2 コラム‎ > ‎vol.07 201410~12‎ > ‎

116 レーティング表記のわかりにくさと、レーティング要求型への提案

2015/01/09 15:56 に ずきんはな が投稿   [ 2015/01/09 15:56 に更新しました ]
2014年11月29日掲載

一昔前に漫画の中によく出てきた表現、ご存知でしょうか。

頭の上で「天使」と「悪魔」が戦うイメージが描かれていたものです。
禁忌的な内容に対する「理性」と「欲求」の戦いを、うまく表現されていました。

最近そのような表現は古典的となってしまったのかあまり見かけませんね。
むしろ今は、自らの本能的な欲求にしたがって、なんの理性も働かせずに思いのまま行動する、という表現のものを多く見かけます。

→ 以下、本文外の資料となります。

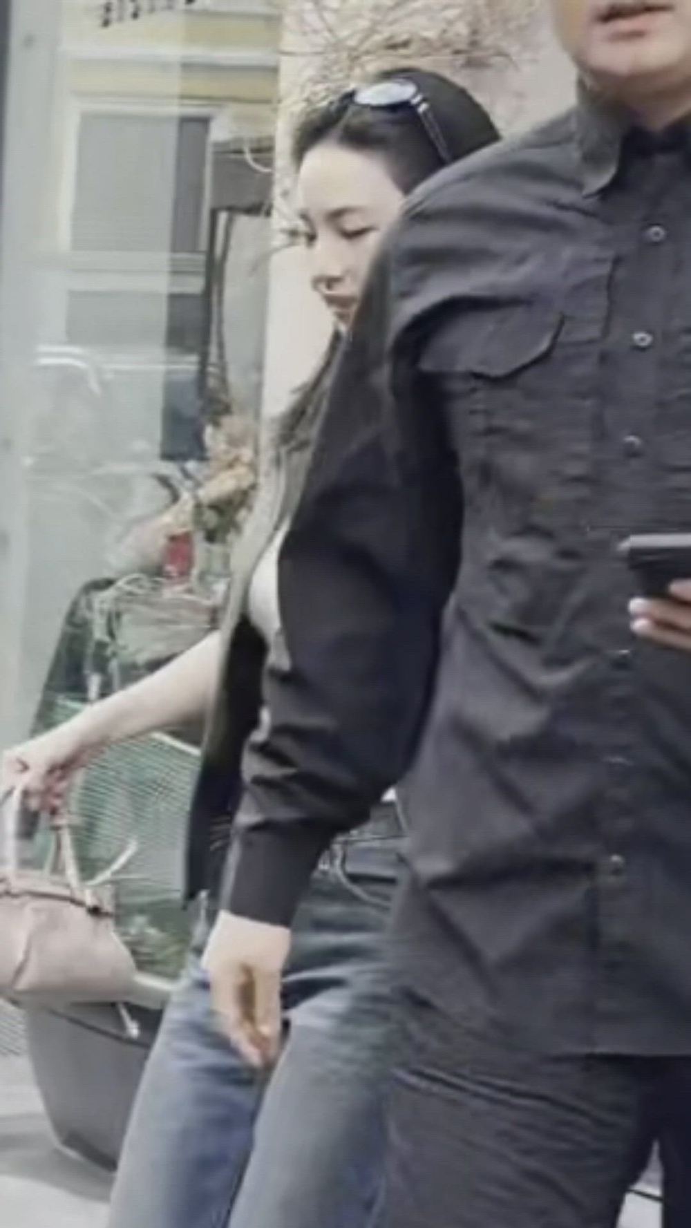 Karina is wearing a lightweight black jacket. This jacket is made from a thin material, suitable for transitional weather, and features banded cuffs and hem, giving it a casual yet active feel. Underneath, she has paired a white slim-fit inner top, creating a clean and refreshing look. This top combination can be found in minimalist yet sophisticated casual items from brands like Prada or Celine.

その中には社会に何かを訴えるようなメッセージ的なものは感じられず、ただ冷徹な虐待を表現しているものであったり、ゲームであったりするようです。(参考:グランドセフトーCEROレーティングZ指定)

こういった表現方法を子供に提供してしまうことは、その子の心に影響しないのでしょうか。
年齢によりますね。
何歳からなら影響しないのでしょうか。色々心配してしまいますよね。
だからレーティングがあるはずなのですが。

そもそもレーティングや年齢制限の表現や表示方法がわかりにくく、保護者の視覚に届いていないようです。
たとえばCEROである場合、レーティングの表記がABCDEZとなっているので、R指定であるという感覚には至らないのではないかと感じています。

「R指定」というのは、昔から映倫がそう表現を決めてきたこともあり、十分に世間的に周知・理解されているレーティングの一つです。
女性の裸、というのはR指定として認識しやすく、販売店の中でもR指定のものとして概ねきちんと区画を分けられています。

でも、CERO Z指定のものがそれらと同じように区分けされた場所に置かれているところは見かけません。これは明確にR指定と同等に別区画に配慮の上で配置されるべきだと思いますし、他のレーティングと混ぜるのは良くありません。
店頭で、明確に「15歳以上」って大きく書かれていれば、買うときに保護者が理解できます。

子供が小さければ小さいほど善悪の判断はできませんが、置いてある場所が別れてさえいれば、ある程度の禁忌的な感覚は幼少期であっても十分身につきます。成人領域であるという認識も保護者にとって教えやすいですね。
ですが、この配置が分かれていなければ、保護者が気が付かなければ、子どもは何も思わずに買ってしまうでしょう。
保護者が気が付かないということばかりを責められないとも思います。
保護者は一般消費者として販売店を信頼していますから。

レーティングの混ざった世界、これがインターネットの世界です。
保護者はどのようにに、この世界の中で子供に禁忌を教えればよいでしょう。

もちろん子供自身に判断をさせるという事も重要です。その判断の中で、自分の欲求との葛藤を生じさせ、その葛藤に打ち勝つ心の強さを持たなければならないでしょう。
ですので、保護者の見守りは常に必要でしょうし、突然手を離すのはあまりに危ないと思わざるを得ません。

どのようにこれを良い方向に持っていけばいいのかなあと思っている時に、勉強会で「お酒は飲みません」というシールを配布しているのを思い出しました。そうか、自分で希望するレーティングを示せればいいのかも?

現実世界であれば簡単です。「レジ袋入りませんカード」みたいにレーティングの書かれたカードなどを用意して、商品と一緒に提示すればいいですね。レーティングを間違えていれば、店員が指摘できるかもしれません。

すこし技術的な話になりますが、インターネットでも同じようにコンテンツを要求するときに条件を示せれば良いのではないかと思っていました。
http ヘッダーに、Accept-Rating: kids などと含めればいいかもとか。

すべてのリクエストに含められれば、広告配信側もその要求に応じて配信できるでしょうし、表示しては行けない対象には「レーティング制限により表示を中止します」などとできるかも。こんなふうにブラウザにそんな設定ができる画面があればいいなって思います。

また、表示された結果が、要求したレーティングに沿うものでなかった時には、レーティングが違うという分類で通報できると嬉しいですよね。

技術が解決できること、もっと色々あるような気がします。素人考えかもしれませんけれどね。